The slump came about amid speculation that an inheritance tax break for Aim shares – which was designed to encourage investors to fund smaller British companies – could be axed.
On the other hand, Fine notes, the pound has strengthened, bond markets have been calm, and UK growth has outperformed G7 rivals in the first half of this year – while the Government is also making welcome noises on regulatory reform.
It could be a chance for Britain to ‘reassert itself’.
‘It feels like the stars are aligning,’ he says, ‘but it requires forward thinking which has been lacking over the last few decades.’

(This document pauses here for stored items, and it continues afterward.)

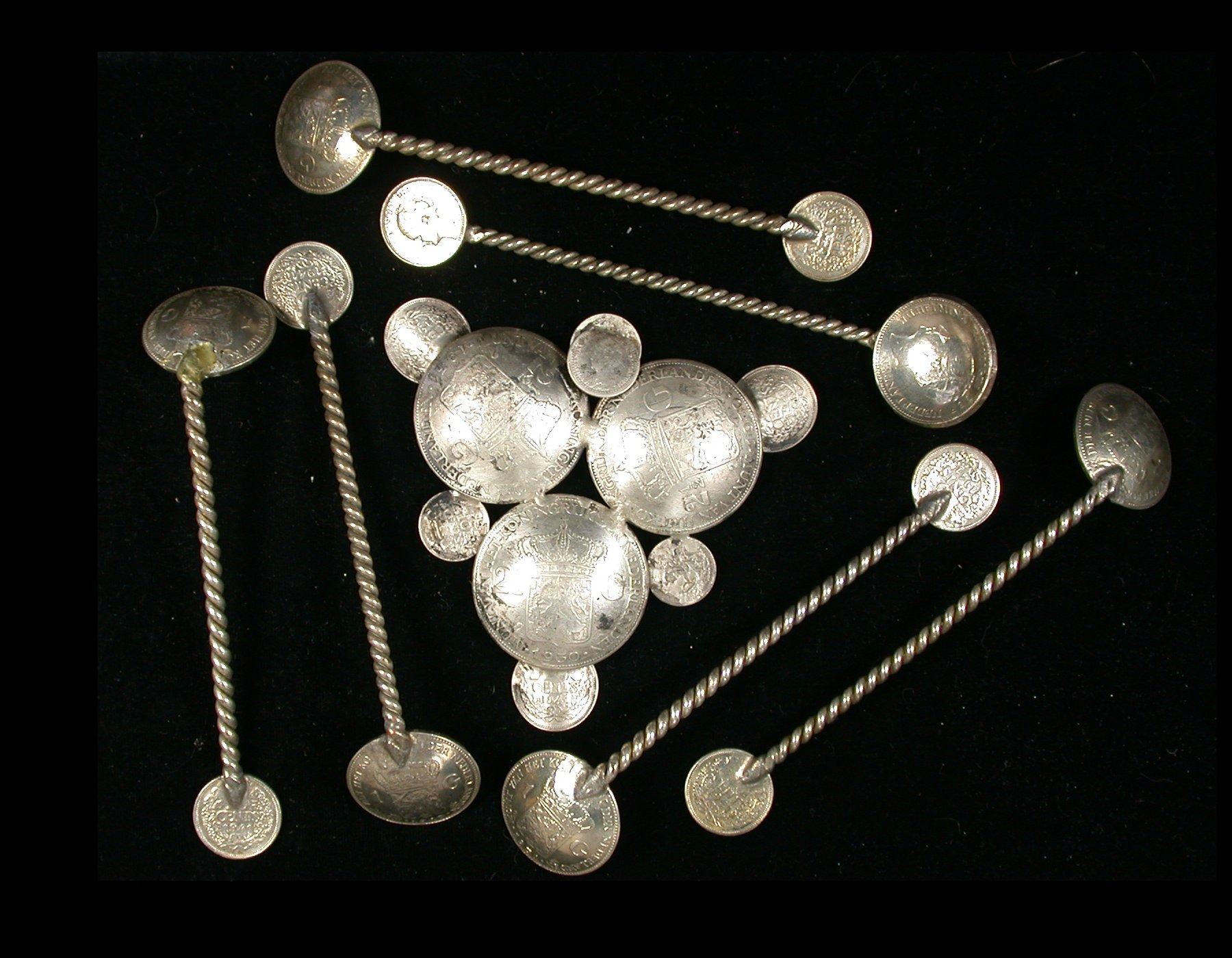 An interesting lot of Dutch Silver Coin spoons, consisting of six pieces with Gulden for a bowl, and Twenty-five Cents forming tip of handle. Offered together with a fairly unique "Coin Ashtray", consisting of 3 X 2.5 Gulden coins attached at edges in a trinity, with three Twenty-five Cent coins folded at top to form cigarette holders, with a further trio of small Ten Cent coins lending further support. With total weight of 200 grams, and estimated net silver content of 4.5 oz
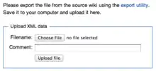 - Go to your wiki's Special:Import page and select the file you created from the export in step 2.
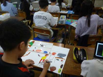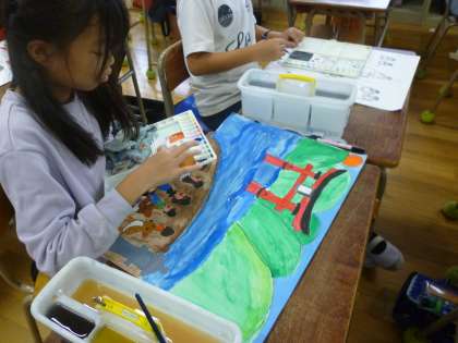 5年生は夏休みの思い出を絵に表しました。よく思い出して絵の具で仕上げていました。
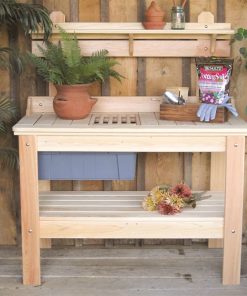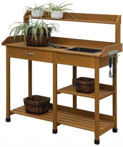 Wooden Potting Bench Work Table-sink Light Oak Finish
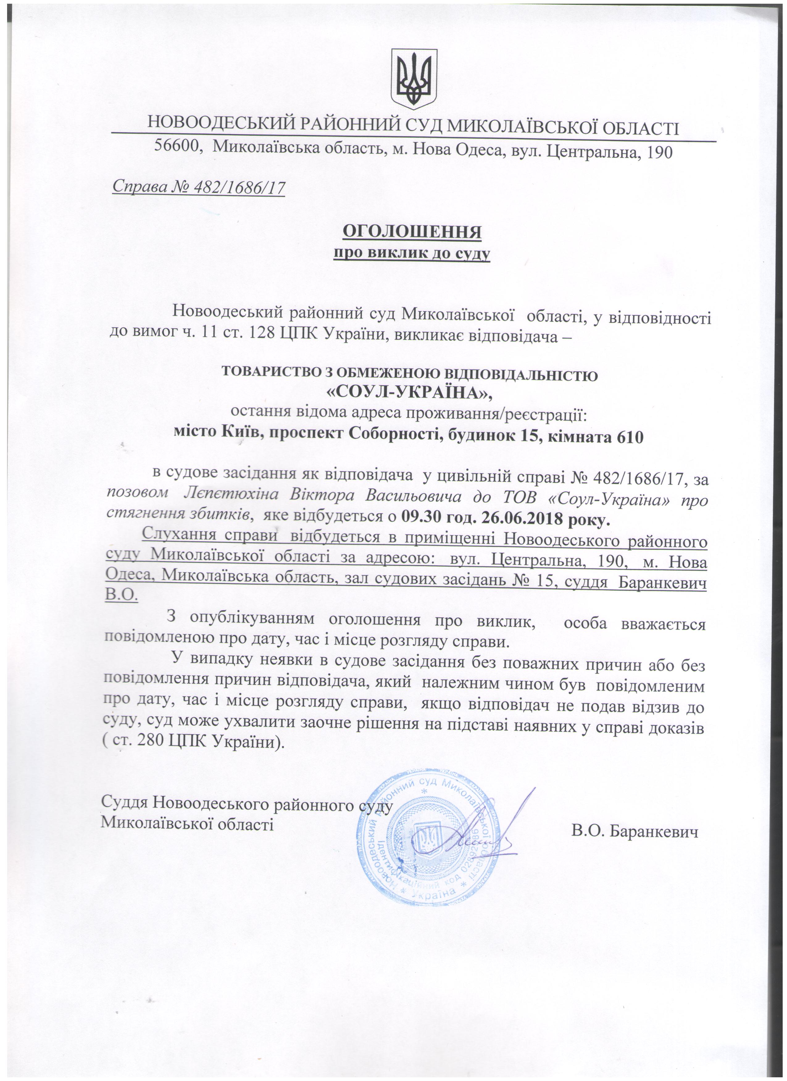 Оголошення про виклик до суду ТОВ "СОУЛ-УКРАЇНА" по справі 482/1686/17
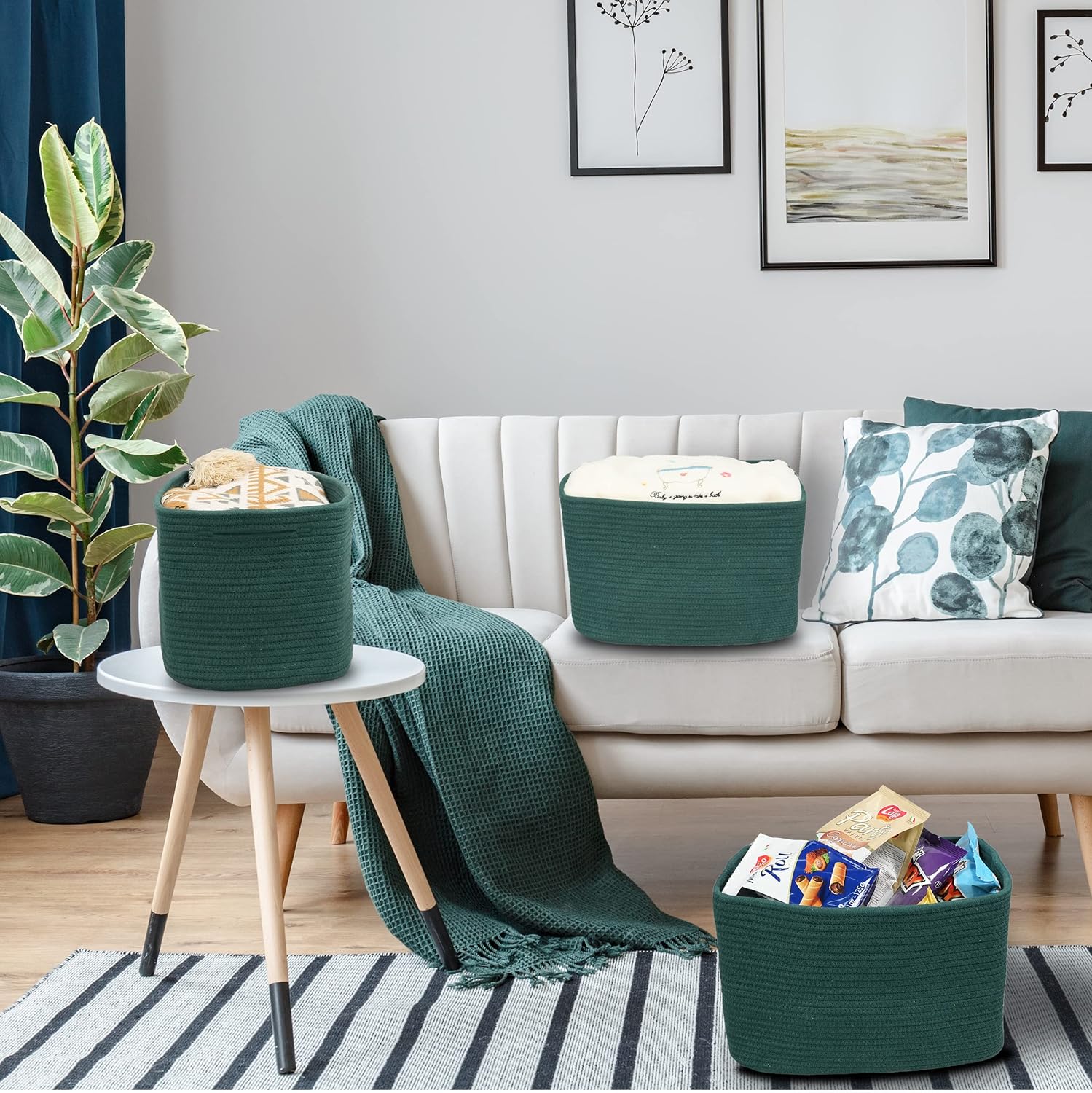 - 3, Designed to complement your room and decor : We special chose classic solid color for those rope basket bins. Our rope basket with the solid colors could use as cloth basket and looks good in any room. Those rope shelf basket looks good in your shelves, closet or next to your bed and is an essential item for your daily storage. This cube rope storage basket enhances any room or décor at your home.

Yet Labour’s insistence that it is committed to a growth agenda does not square with the impression that it wants to ‘raise a lot of taxes and stop growth’.
Hence the heightened anticipation ahead of the Budget to see whether – and how – the Chancellor can deliver.
If it does, Fine argues that it could, in a choice turn of phrase, unblock the ‘constipation’ holding up Britain’s pipeline of initial public offerings (IPOs).
Private equity funds’ investors are clamouring to make exits by taking companies to market – but the demand must be there first.
‘Whilst there is no substantial near-term pipeline the potential is probably as good as I’ve known it,’ says Fine. ‘Something’s got to give.’
Fine says his investment bankers are ‘as busy as they have ever been’. He adds: ‘I think they’re working hard on a lot of situations. IPOs are later. That valuation issue has got to resolve itself.’
A lot needs to be done, he argues, including pensions reform – and stopping the ‘horrendous’ outflow of funds from UK equity markets.
Cherishing British achievements and nurturing innovation rather than letting it be swept away by foreign owners is another goal. That could be helped by pension funds investing more in Britain.
He says: ‘I feel passionate about the fact that there should be more of a sense of pride in what we do here in this country.
We’re very, very good at an awful lot of things, we talk ourselves down a lot – we’re world class at moaning, it’s probably a function of the weather.’
So much depends on the Budget –including what is not in it, such as the CGT changes.
‘It may be a damp squib, it may be an astonishing revelation of packages that will transform the view of the UK,’ he says.
The temporary blip in market activity in anticipation of the Budget will all be forgotten if the latter proves to be the case. A three-month slowdown ahead of what could be a gigantic pick-up would be fine.
We’ll look back on it and think “so what?”. But a three-month slowdown because you can’t do what you been elected to, or said you would, do for whatever reason is going to translate into another lengthy period of inactivity.’